All of this, of course, in service as a metaphor for a universe that is constantly giving up more heat than it can produce, that will eventually collapse in on itself:

 

Valentine: But with heat - friction - a ball breaking a window-

Hannah: Yes.

Valentine: It won’t work backwards.

Hannah: Who thought it did?

Valentine: She saw why. You can put back the bits of glass but you can’t

collect up the heat of the smash. It’s gone.

Septimus: So the Improved Newtonian Universe must cease and grow cold.

Dear me.

Valentine: The heat goes into the mix.

(He gestures to indicate the air in the room, in the universe.)

Thomasina: Yes. we must hurry if we are going to dance.

Valentine: And everything is mixing the same way, all the time, irreversibly...
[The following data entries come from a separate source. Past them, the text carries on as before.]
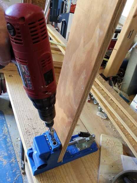 Corte los lados del cajón de la chatarra agujeros bolsillo madera y perforados en las piezas delanteras y traseras. Luego os adjunto la parte delantera y traseras piezas a los laterales con tornillos de bolsillo.
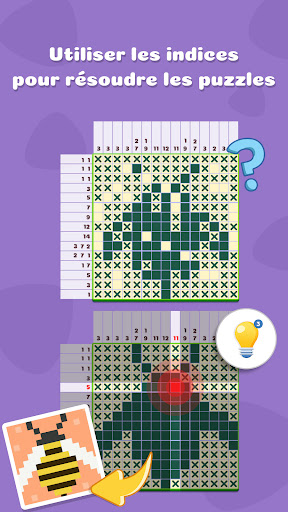 Nonogram est un jeu de logique où vous devez résoudre des énigmes numériques en remplissant ou en laissant des cases vides selon des indices numériques autour de la grille, pour révéler une image pixelisée cachée. Ce jeu, également connu sous le nom de Hanjie, Picross, Griddlers, mots croisés japonais ou Peindre par numéros, est un excellent moyen d’entraîner votre cerveau et de garder l\esprit actif en appliquant des règles simples et logiques. Nonogram est un puzzle de type sudoku visuel où vous devez remplir ou laisser vide les cases en suivant les indications numériques. Les chiffres au-dessus des colonnes se lisent de haut en bas, tandis que ceux à gauche des lignes se lisent de gauche à droite. Selon les nombres, coloriez une case ou marquez-la d\un X. Chaque puzzle résolu vous permet de gagner un morceau de puzzle à assembler. Le jeu propose plus de 9 000 images magnifiques à découvrir, avec différents thèmes. C\est le premier jeu de nonogramme où vous pouvez résoudre un puzzle tout en jouant au puzzle de type jigsaw ! Non seulement vous pouvez jouer aux nonogrammes, mais aussi à des puzzles uniques. À chaque niveau passé, vous gagnez une pièce de puzzle pour compléter une grande image. Dix magnifiques images vous attendent ! (Notez que la probabilité d\obtenir des pièces varie selon les chapitres. Si vous ne recevez pas de pièces après avoir terminé un niveau, c\est normal.) Explorez le mystérieux jardin secret qui vous permet de gagner des feuilles d\or pour décorer et rénover le jardin avec des maisons, des tonnelles, des chemins, des clôtures, des portes et des fleurs telles que lavande, camélia et érable. Transformez votre île en un espace de rêve et de fantasy. Le jeu propose deux événements, l\un pendant la semaine et l\autre le week-end ! Accomplissez les quiz quotidiens pour recevoir des récompenses, comme des diamants et des pièces thématiques. Ne manquez pas l’événement ! Chaque week-end, une nouvelle défi limité vous propose 200 nouveaux niveaux de nonogramme dans des tailles 5x5, 8x8 et 10x10. Ces événements offrent des pièces thématiques uniques ! 8 nouveaux thèmes sont disponibles dans divers styles : Vert classique, Sombre, Printemps, Été, Automne, Ciel étoilé, Bois sombre et Bois clair, pour une expérience de jeu rafraîchissante ! Les pièces thématiques sont obtenues en complétant les missions quotidiennes et les défis du week-end, et peuvent être utilisées pour acheter des thèmes afin d\améliorer vos grilles de nonogrammes. Fonctionnalités principales : Packs de puzzles thématiques massifs Relaxez-vous avec des puzzles jigsaw pour créer de belles images Tutoriels intuitifs et efficaces pour les débutants, facile à apprendre et très addictif Choisissez votre niveau de difficulté : Très facile, Facile, Moyen, Difficile, Très difficile Fonctionnalités supplémentaires : retour en arrière, indices et réinitialisation du jeu Sauvegarde automatique à chaque puzzle. Si vous êtes bloqué, essayez un autre puzzle et revenez plus tard Missions hebdomadaires avec des récompenses généreuses Section Pro avec des puzzles de grande taille (20x20, 25x25, 30x30, 35x35) pour une expérience unique Catégories variées de puzzles socratiques raffinés Jouable hors ligne, partout : en voyage, en train, métro, bus, taxi, à pied, ou confortablement chez vous près du feu Explorez les quiz quotidiens et le défi du week-end pour gagner des pièces thématiques et décorer votre tableau avec de nouveaux thèmes Pour toute question, contactez-nous à : yunbu_cs@outlook.com Rejoignez le groupe du jeu Nonogram-Jigsaw Puzzle : https://www.facebook.com/groups/965269568441271
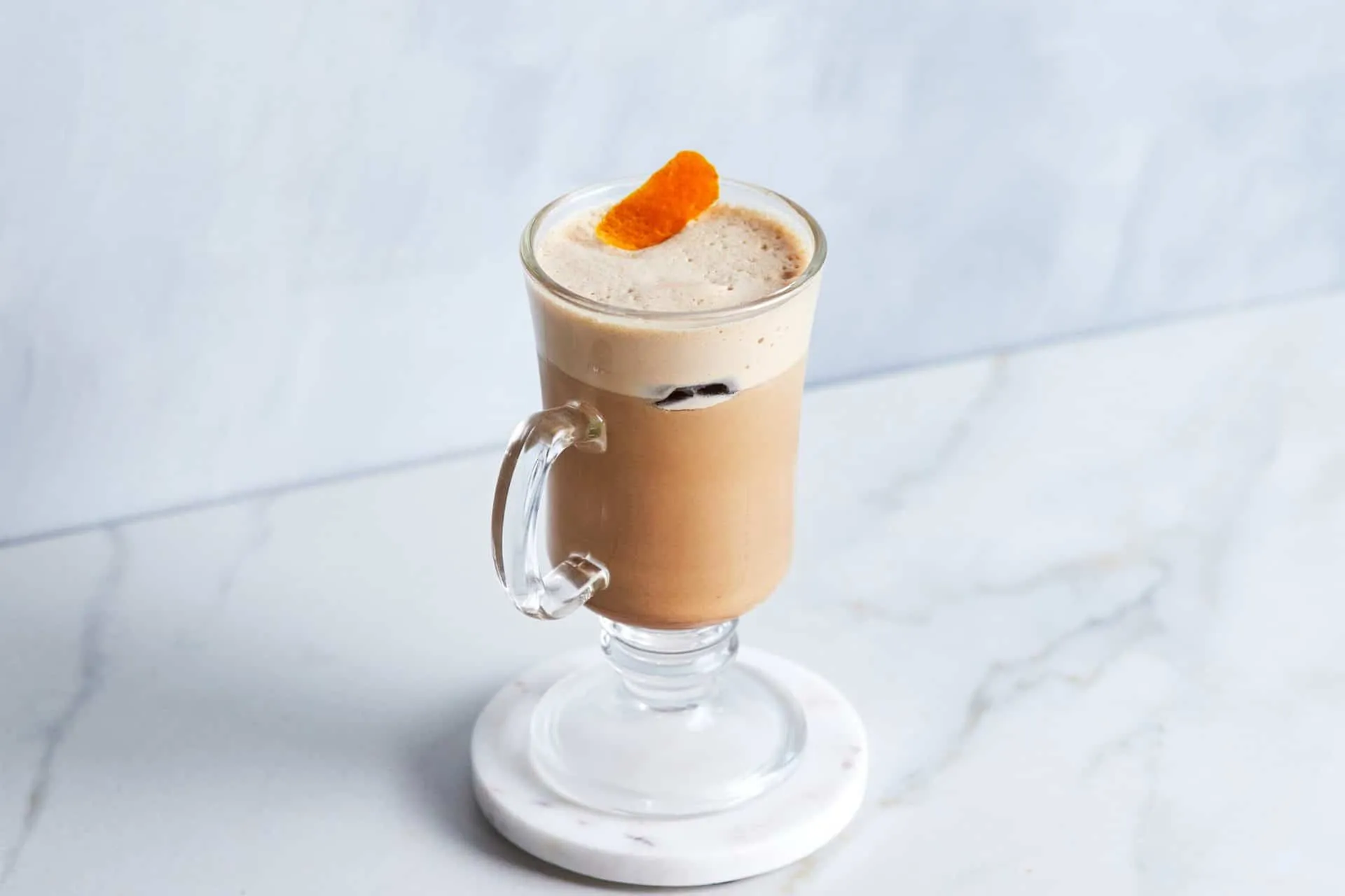 A csokis-narancsos kávéhoz a tejbe rakjuk a hámozóval lehúzott narancshéjakat, és 60-70 fok közé melegítjük. Félrehúzzuk, majd beletesszük a csokit, az instant kávét és a cukrot, elkeverjük, az egészet a french pressbe szűrjük, majd pumpáló mozdulatokkal kb. a duplájára krémesítjük, habosítjuk a kávét. Ezután átöntjük egy shakerbe, és néhány jégkockával összerázva lehűtjük a kávénkat. Ízlés szerinti mennyiségű jeget rakunk egy pohárba, majd beletöltjük a jegeskávét.
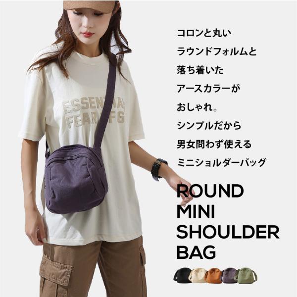 コロンと丸いラウンドフォルムと落ち着いたアースカラーがお洒落。シンプルだから男女問わず使えるミニバック。
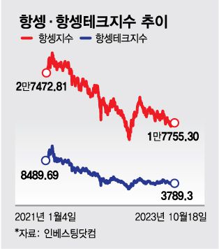 특히 알리바바·텐센트 등 중국 인터넷 기업이 주로 포함된 항셍테크지수는 2021년 기록한 최고치 대비 3분의 1토막으로 떨어지는 등 초토화됐다. 국내에서도 홍콩 항셍테크지수를 추종하는 상장지수펀드(ETF)를 매수한 투자자가 적잖게 있지만, 지금은 끝없는 하락에 자포자기한 상태다.
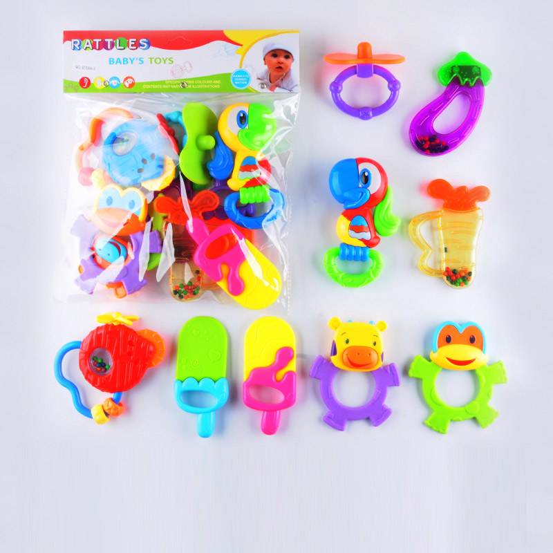 Погремушка в ручку 8358A-10 (96шт/2) 7 видов в пакете 23,5*28*5см(КИ)

Septimus: Oh, we have time, I think.

Valentine: ...till there is no time left. That’s what time means.

Arcadia, Act. 2, Scene 7

 

 

With such a grim outlook, how is it possible to conceivably call Arcadia anything but a tragedy? And yet, the play does not seem all that tragic. Indeed, it remains rather hopeful. But why?

 

Perhaps it is as Hannah says, “It’s wanting to know that makes us matter.” That as long as human beings are on a quest for knowledge and understanding, that is enough. Perhaps Septimus holds the key, that even if the world burns and discoveries are lost, they can one day be recovered, rewritten. Or maybe Valentine, in his enthusiasm over science is correct, that hope should remain because the best time to be alive is when everything you thought you knew was wrong. Or could Bernard have the answer, that the premium should be placed on self-knowledge?

 

Or is it Thomasina, the genius of the place, who understands best? After all, it is she who says, “Yes, we must hurry if we are going to dance.” In other words, a warning and encouragement - life is short, time is fleeting, so if we are going to enjoy it, we must forget our worries about the future and the past and dance now, while we can.